I am now a student at Johns Hopkins University, in Bologna, Italy. Nine months lie between my new life here and that ferry ride across the Straits of Gibraltar.
Those months were spent working at Play Mart, the family playground business ... including working with a great team certifying our playground equipment to meet international playground safety codes, analyzing the recycled content of our plastic lumber, making a short-film of how are playgrounds are made from milk jugs and giving tours, to name a few fun items. I also got to spend quality time that I dearly missed while in Morocco with my parents, siblings and little niece and nephew.
The whole crew: L-to-R, top row first: Nathan, Laura (his wife), me, Dawn (bottom row:) Priscilla, Gracia, Mom, Dad, Samuel, and Tabitha
This is Gracia, running away from her "aunties"
And little "mambo" aka Samuel
I also soaked up every minute I could spend at my parents' luxurious abode... we gardened and landscaped and potted flowers and cooked and watched movies and took strolls through the neighborhood or down to the lake. This was basically my life outside of work. A lovely interlude between "roughing it" in Morocco (if you can call my Peace Corps service that..) and an intense graduate school program.

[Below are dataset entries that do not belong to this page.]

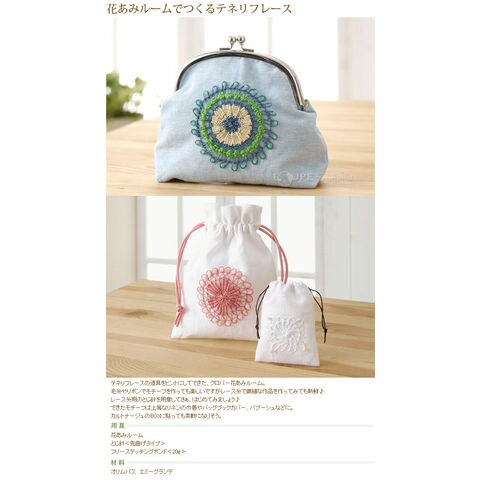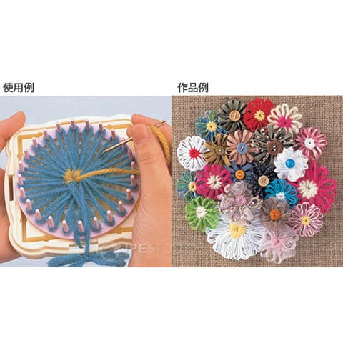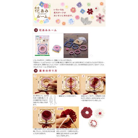 いろんなフラワーモチーフがきれいに、簡単につくることができます。ピンリング(枠)に糸をかけてかがるだけで、誰でもすぐにモチーフづくりが始められます。枠のカタチや組み合わせ、糸のかけ方やかがり方でバリエーション豊かな作品づくりが楽しめます。おしゃれなラッピングに。コサージュとしてアクセントに。
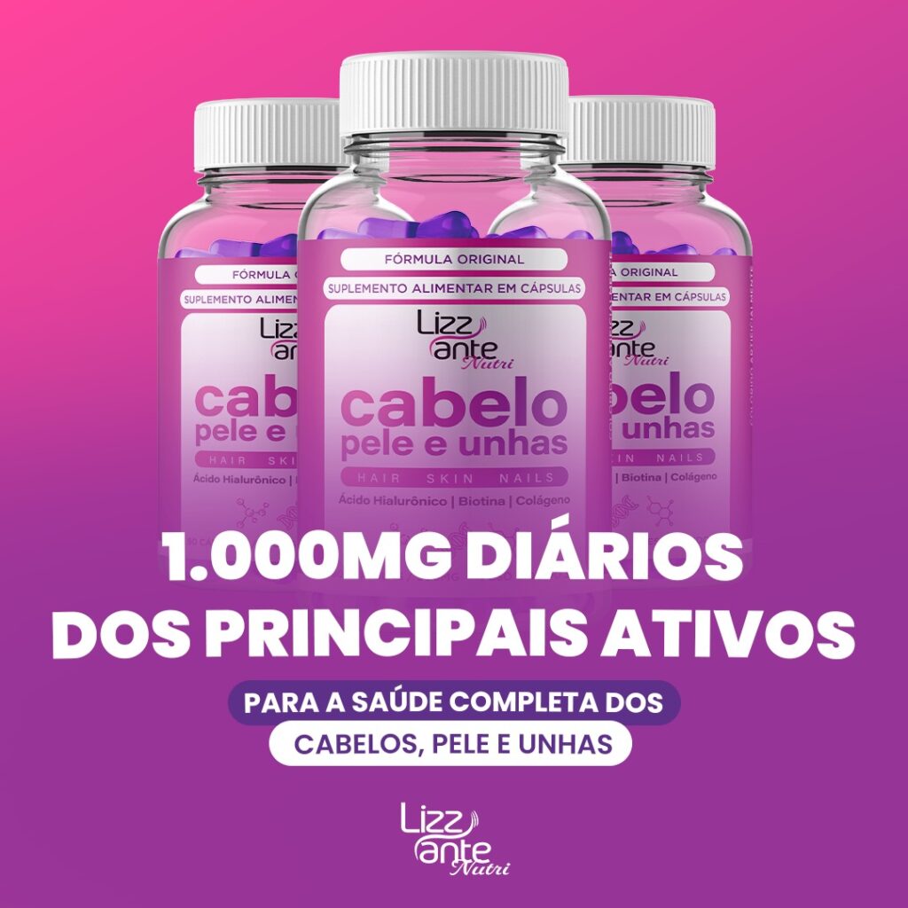 Cabelos volumosos, pele firme e unhas fortes em um só produto! Com a fórmula avançada da Lizz ante Nutri, você vai notar até 25.000 fios a mais e uma pele visivelmente mais jovem. Frete grátis para todo o Brasil!
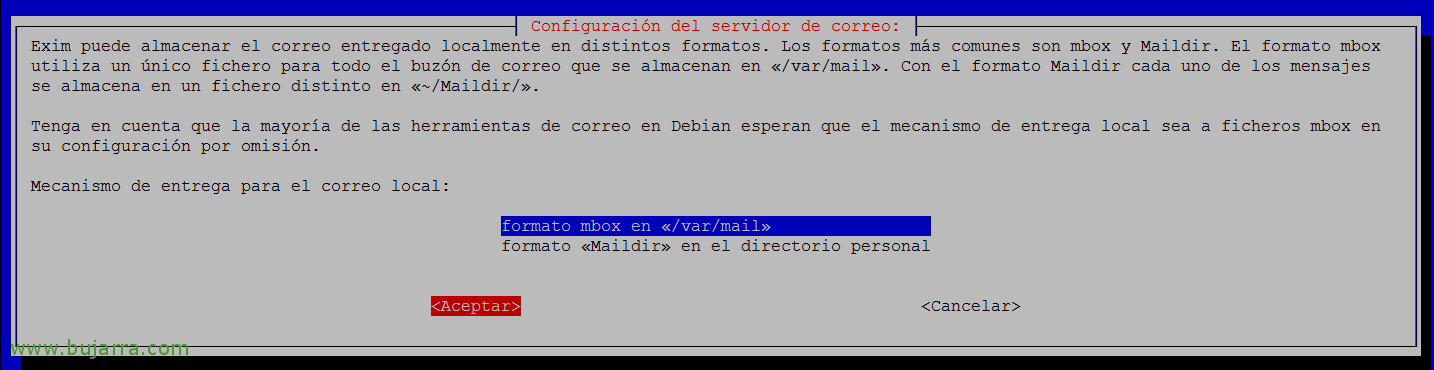 我们指明了存储本地电子邮件的格式, 通常我们会在 /var/mail 中使用 mbox 格式, 压 “接受” 继续,
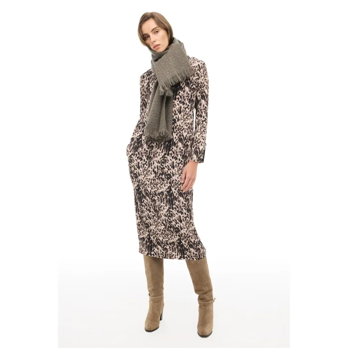 Product Details: The dress, which stands out with its 100% viscose texture, attracts attention with its crew neck design and cut.; The brown tone offers timeless elegance with its leopard look; The zipper closure detail provides ease of use, while the long sleeve form increases comfort.; You can safely choose it both in your daily style and in special meetings.; Pattern : Regular Fit Sleeve : False Sleeve Collar : Crew Neck Sleeve : Long Sleeve Model Length : Midi Length Woven-Knitted : WOVEN Gender : Women's Place of Production : Turkey Pattern : Leopard Blend : 100% Viscose Closure Type : Zipper Season : 2025 - 2026 AUTUMN WINTER Age Group: WomenSleeve Length: Long Sleeve
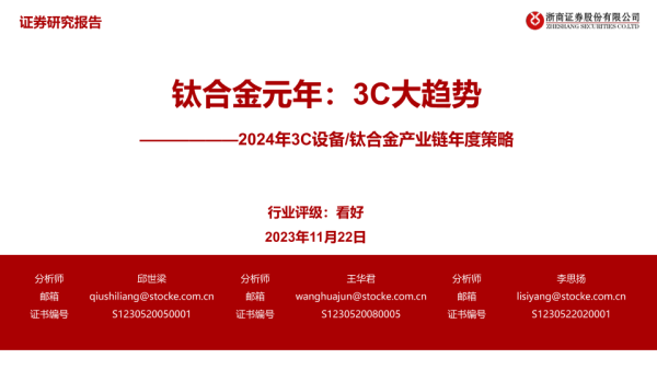 【浙商证券】【20231122】2024年3C设备/钛合金产业链年度策略:钛合金元年:3C大趋势-38页
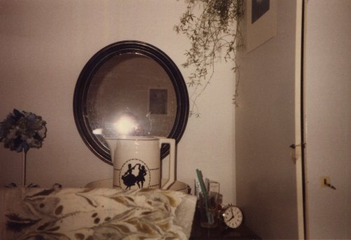 Making a pic of a still life with jug, using the flashlight because the pic was taken indoors, I hadn't thought of the mirror. Now, it looks as if a ball of light is rising from the jug. A genie-in-a-jug effect, as it were.
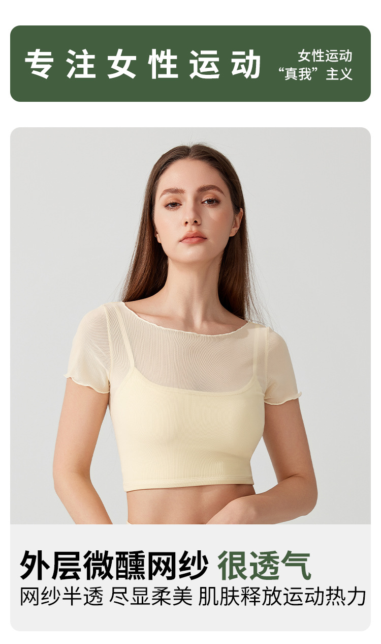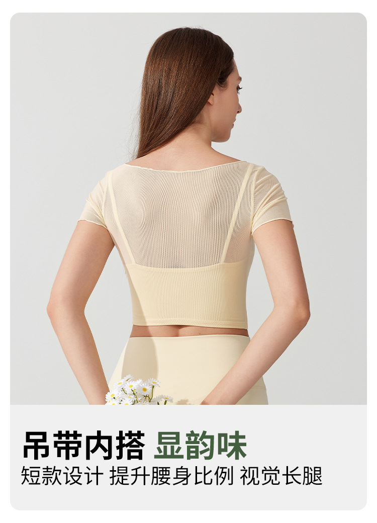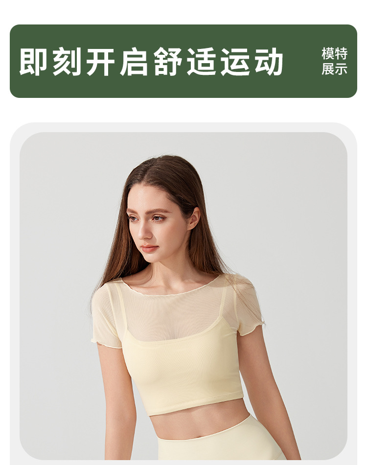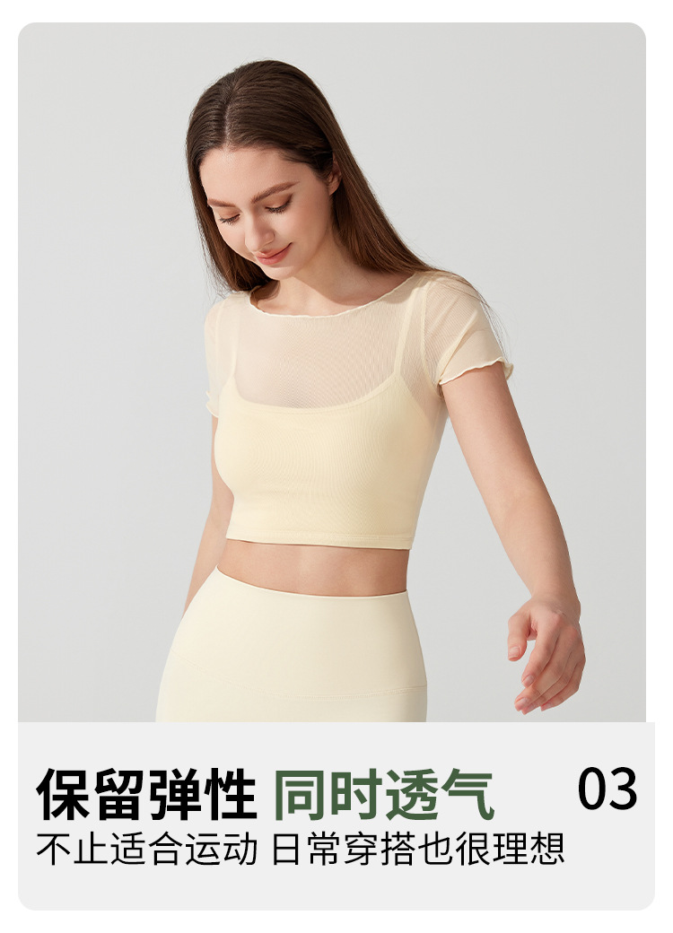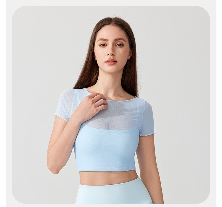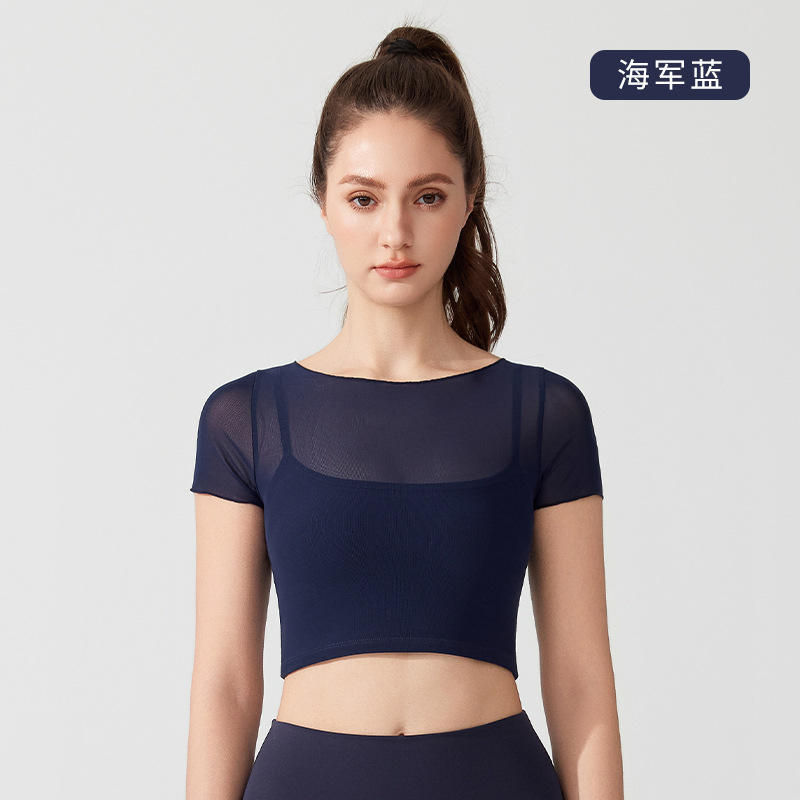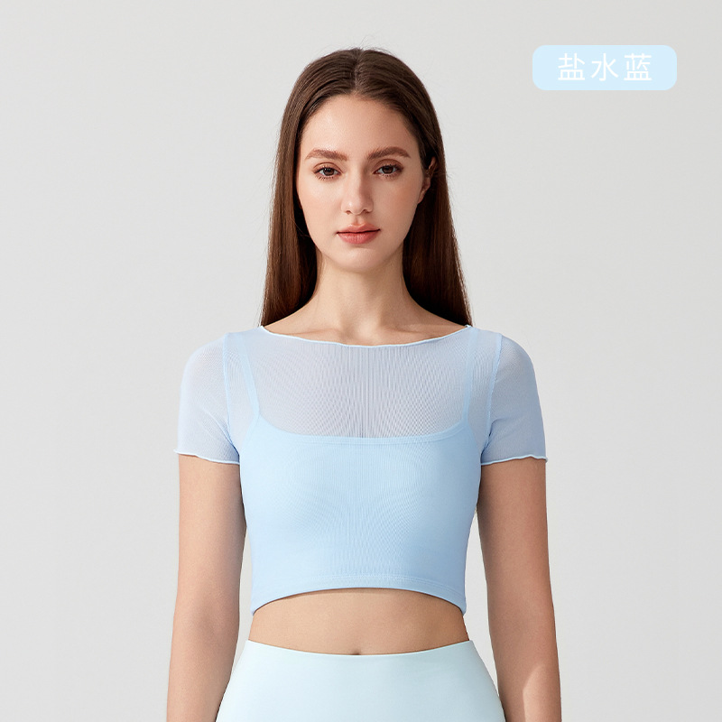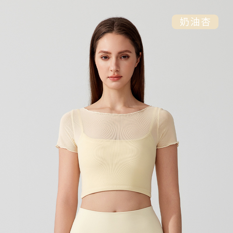 가슴 패드가 있는 여성용 여름 요가복, 반팔 티셔츠, 스포츠 상의, 메쉬 기질, 슬리밍 필라테스 트레이닝 피트니스복스토어 가기
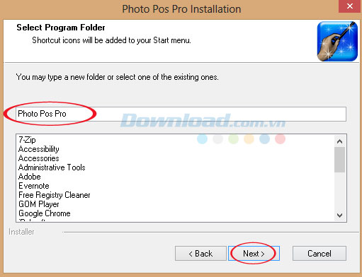 Các phím tắt sử dụng Photo Pos Pro sẽ được lưu lại vào menu Start. Bạn có thể nhập một thư mục mới hoặc sử dụng những thư mục có sẵn trong chương trình. Sau đó, bấm Next để tiếp tục.
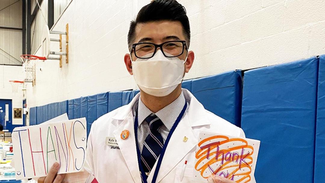 Pharmacist Kyle Kwak holds thank-you cards given to his team from the teachers and staff vaccinated at a COVID-19 vaccine clinic for a school district in Deerfield, Ill.

My sister, Dawn, also happened to be transitioning from Virginia Beach at the same time I was there. We were able to reconnect as adults, having both lived in different places ever since she left for college in Texas.
Mom, Dad, Priss and I went to San Francisco one weekend in May on a whim. Priss wanted to move there, but it somehow didn't "click". Instead, she visited me last month in Washington DC (during pre-term, before I flew to Italy), fell in love with the place, and has already moved in with my friends!
Mom, Dad, Priss and I went to San Francisco one weekend in May on a whim.
Priss wanted to move there, but it somehow didn't "click".
Instead, she visited me last month in Washington DC (during pre-term, before I flew to Italy), fell in love with the place, and has already moved in with my friends until she gets established. Hopefully we'll live together next year when I return.
Like clockwork, one of my Cedarville friends gets married: every six months to a year. Always a perfect excuse to reunite. The problem: the group of ladies standing behind the bride, waiting to catch the bouquet of flowers has dwindled ... to me. The boys have almost caught up to the girls, so I'll have to decide if I'm going to keep us on schedule or remain the single friend who hops around the world, giving them a life to live vicariously.